The core crop engine, the web app, and the project architecture were already there. My repository is just a frozen experiment snapshot built around that work to answer a specific question:

Could GPT-5.4-high, given a terminal, an empty repository, and a very clear target, convert a developer-first web experience into a more native and approachable Windows desktop app without direct developer implementation work?

The repository for this experiment is here:

• https://github.com/citricguy/pdfcrop.github.io-tauri

The upstream projects are here:

• https://github.com/pdfcrop/pdfcrop
• https://github.com/pdfcrop/pdfcrop.github.io

Goal

The goal was not to prove that AI can magically replace engineering.
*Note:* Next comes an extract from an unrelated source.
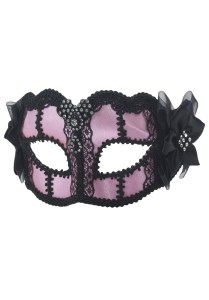 This one has a saxophone with pink plumes along with lace and roses at the ends. Pink fringe lies along the edges. Great for any Mardi Gras party.

The goal was much more specific, and honestly much more interesting:

1. Give GPT-5.4 a terminal through Codex or Copilot CLI, an empty repo, and some target repositories.
2. See whether it could iterate its way to a working prototype with as little developer oversight as possible.
3. Do it from a fresh Windows VM with no tooling installed.
4. Keep the process disciplined enough that every command was reviewed before it ran.
5. End up with something more accessible and less intimidating for ordinary Windows users than a browser-first, developer-oriented workflow.

Starting point

The original project was already strong.

The upstream web app is a WebAssembly-powered PDF cropping tool that runs fully in the browser. It is private by design, processes files locally, and uses a stack that is already very well suited for portability:

• TypeScript
• Tailwind CSS
• PDF.js
• the Rust pdfcrop library compiled to WASM
• Vite

That matters, because the least risky path was not to rewrite the crop engine or rebuild the UI from scratch. The least risky path was to preserve what already worked and wrap it in a better Windows-native shell.

So that is what this experiment aimed to do.

Constraints

This was not a blank check “make something cool” prompt.

The setup was intentionally strict:

• Start in an empty working directory.
• Assume nothing is installed.
• Verify tooling.
• Stay Windows-native first.
• Prefer Tauri.
• Avoid broad rewrites.
• Explain every command before proposing it.
• Wait for approval before running anything.
• Keep a running engineering report.
• Do not stop at the first blocker.

That structure turned out to matter a lot.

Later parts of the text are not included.